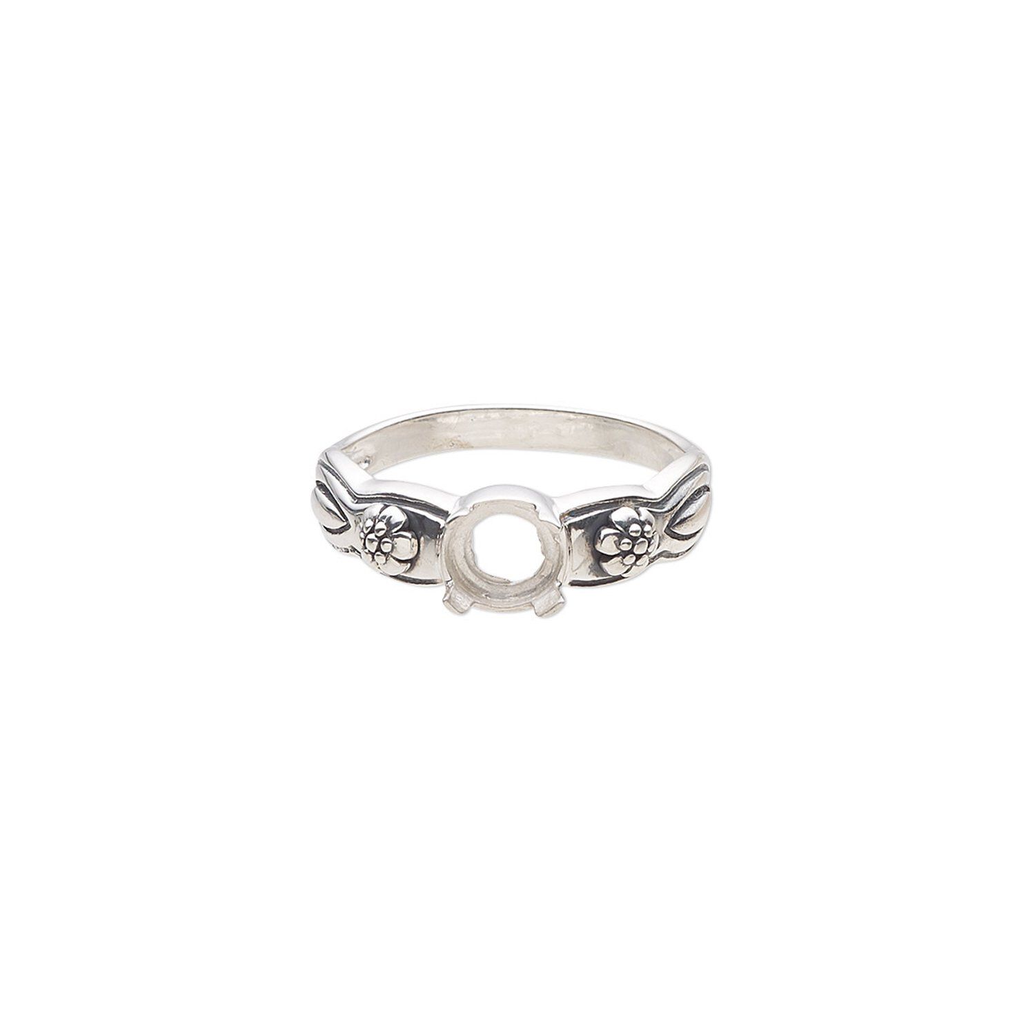 Designer-favorite sterling silver finger ring with attractive floral pattern features a detail-enhancing antiqued finish and a 4-prong open-backed setting designed to accept a 6mm round cabochon.
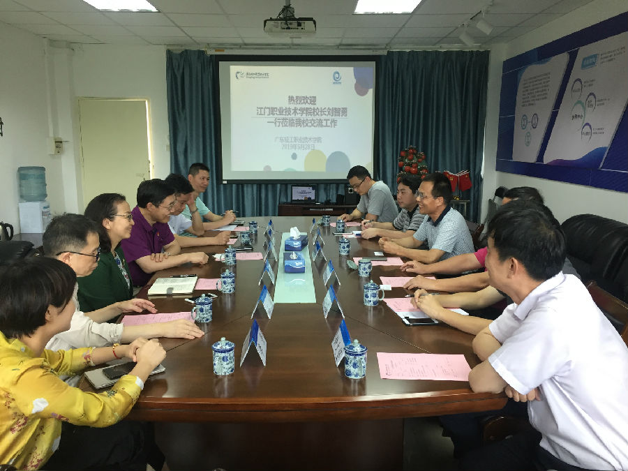 江门职业技术学院来访我院交流 167 2019-05-30 10:15:25 5月28日下午,江门职业技术学院校长刘智勇、江门市职业联合会会长陈积业一行访问我校。我校校长卢坤建在南海校区第四实训楼新工科协调中心接待了来访客人。会上,我校介绍了与华为公司在产教融合、人才培养方面的合作历程、合作内容、做法以及合作成果等,双方就华为信息与网络技术学院建设方面的具体细节进行交流。随后,来访客人参观了南海校区华为ICT创新人才培养基地。信息技术学院院长秦文胜及相关人员参与接待。
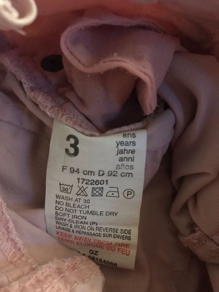 Pantalon de la marque Lisa Rose Taille 3 ans Couleur rose clair Présence de légères tâches sur le bas de la jambe gauche (voir photo) Traces d’utilisation Occasion, bon état
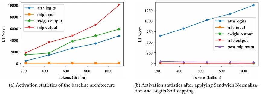 (b): 引入三明治范数与 Logits 软裁剪前后,模型激活值统计的对比结果。

---+---

HOW TO COMPLETE THIS TASK: The copy should hold exactly the lines from the line containing "Pantalon de la" through the end of the data, both ends included, and no pictures.

RESULT OF THE TASK:
 Pantalon de la marque Lisa Rose Taille 3 ans Couleur rose clair Présence de légères tâches sur le bas de la jambe gauche (voir photo) Traces d’utilisation Occasion, bon état
 (b): 引入三明治范数与 Logits 软裁剪前后,模型激活值统计的对比结果。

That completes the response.